Stored records
◇ ◇ ◇ ◇ ◇

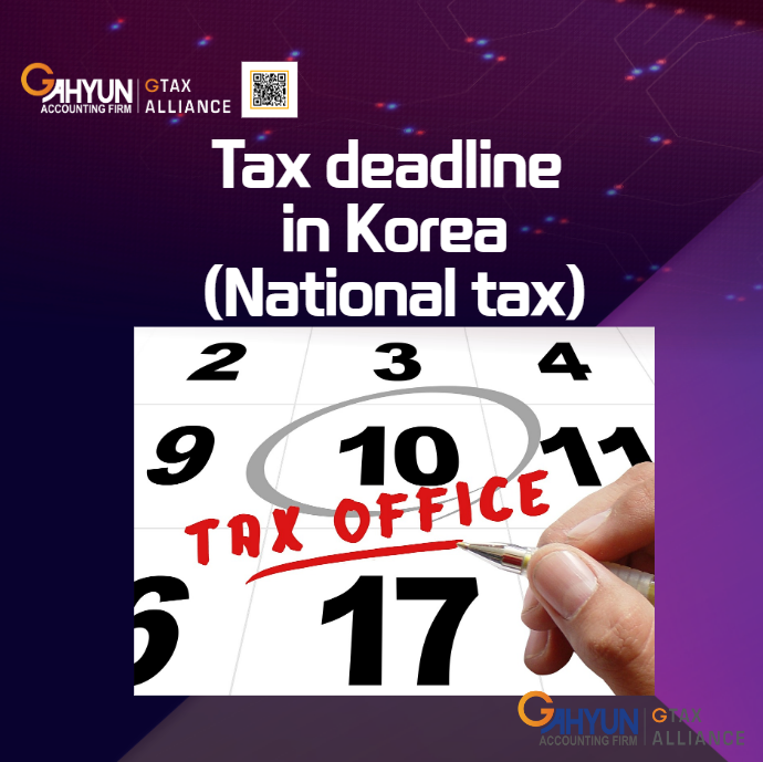 There are quite many kind of taxes in Korea, and every taxes have filing and payment due. you should file tax return and pay taxes by due date. if you fail to meet the deadline, there are penalty. Therefore knowing due date of each taxes are crucial.
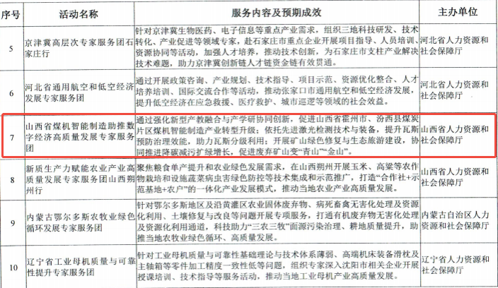 近日,浦京官网申报的“山西省煤机智能制造助推数字经济高质量发展专家服务团”项目成功入选国家人力资源和社会保障部2025年专家人才服务基层活动。
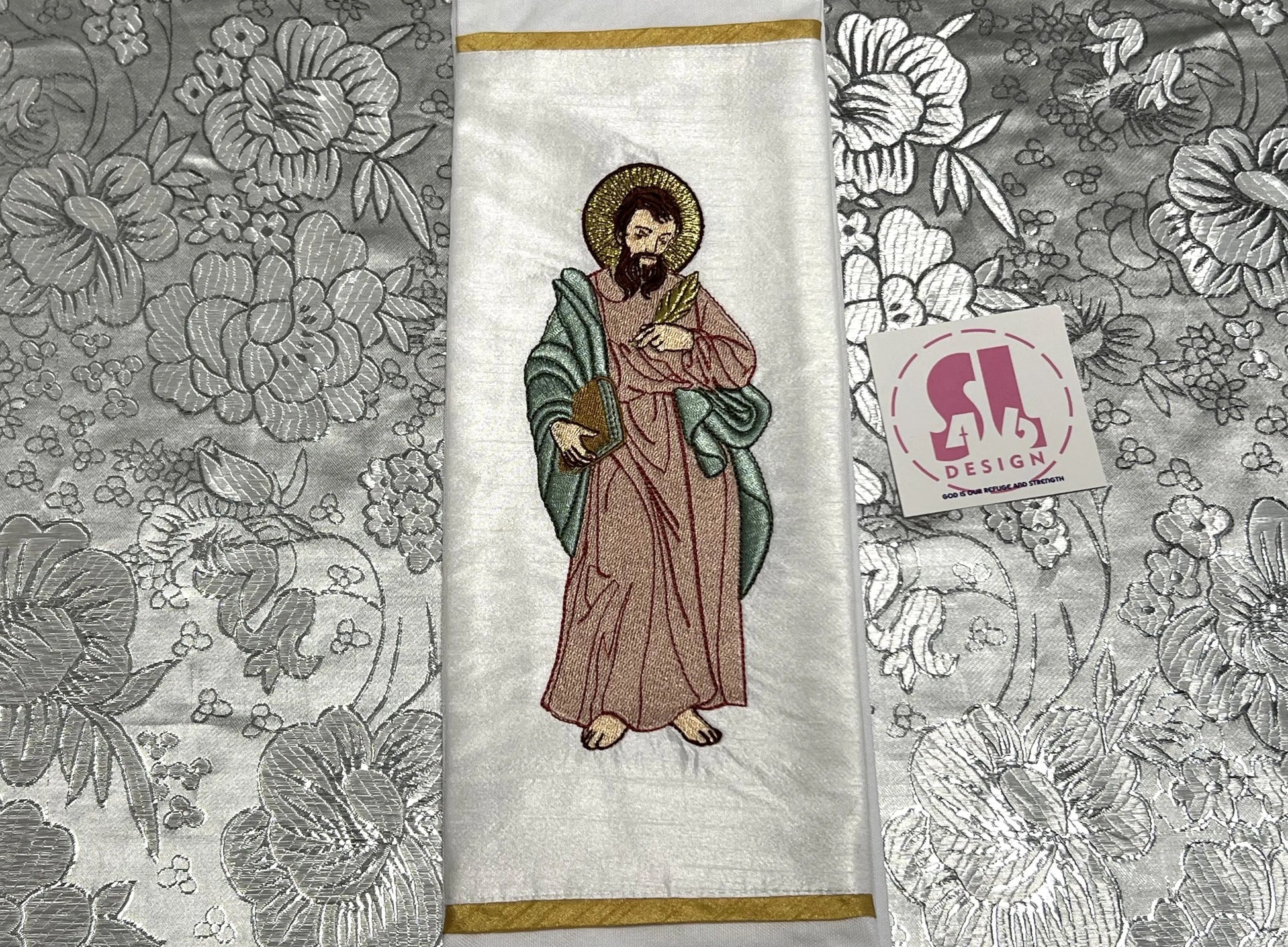 Materials: high quality cotton blend, the designs are embroidered in a accent fabric to give the piece an elegant touch, and the inside is a cotton blend that helps keep the stole in place.
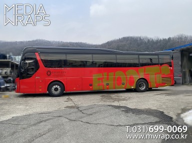 버스 와인코리아 [작업차량] 유니버스노블[차량색상] 레드[랩핑타입] 전체랩핑 ..
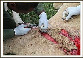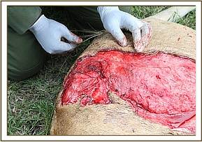 The wound was extensive and involved the soft tissues and the skin. The vet cleaned the wound using normal saline and then sutured it closed.
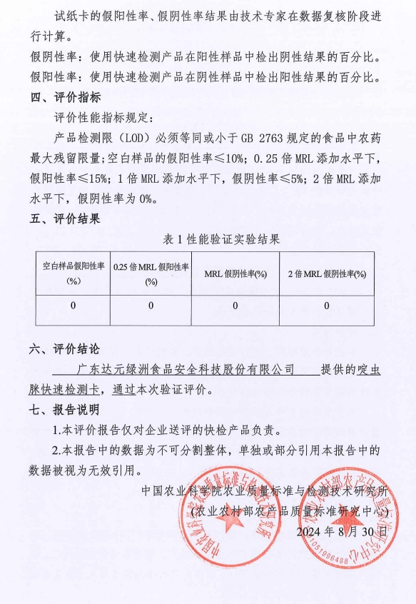 中國(guó)農(nóng)業(yè)科學(xué)院農(nóng)業(yè)質(zhì)量標(biāo)準(zhǔn)與檢測(cè)技術(shù)研究所(農(nóng)業(yè)農(nóng)村部農(nóng)產(chǎn)品質(zhì)量標(biāo)準(zhǔn)研究中心)于2024年8月組織開(kāi)展了蔬菜中農(nóng)藥殘留快檢產(chǎn)品評(píng)價(jià)工作。廣東達(dá)元綠洲食品安全科技股份有限公司提供的三唑磷、氯氟氰菊酯、甲氨基阿維菌素苯甲酸鹽、滅多威、氟蟲(chóng)腈、水胺硫磷、倍硫磷、毒死蜱、甲拌磷、啶蟲(chóng)脒、克百威和三羥基克百威等11種快速檢測(cè)卡參加了本次評(píng)價(jià),經(jīng)實(shí)驗(yàn)驗(yàn)證和專(zhuān)家復(fù)核,11種產(chǎn)品全部通過(guò)驗(yàn)證評(píng)價(jià)。

◇ ◇ ◇ ◇ ◇

→ YOUR ASSIGNMENT:
With the pictures omitted, restate word for word the lines above from the line that has "버스 와인코리아 [작업차량]" up to and including the line that has "The wound was", and no other lines.

→ TASK ANSWER:
 버스 와인코리아 [작업차량] 유니버스노블[차량색상] 레드[랩핑타입] 전체랩핑 ..
 The wound was extensive and involved the soft tissues and the skin. The vet cleaned the wound using normal saline and then sutured it closed.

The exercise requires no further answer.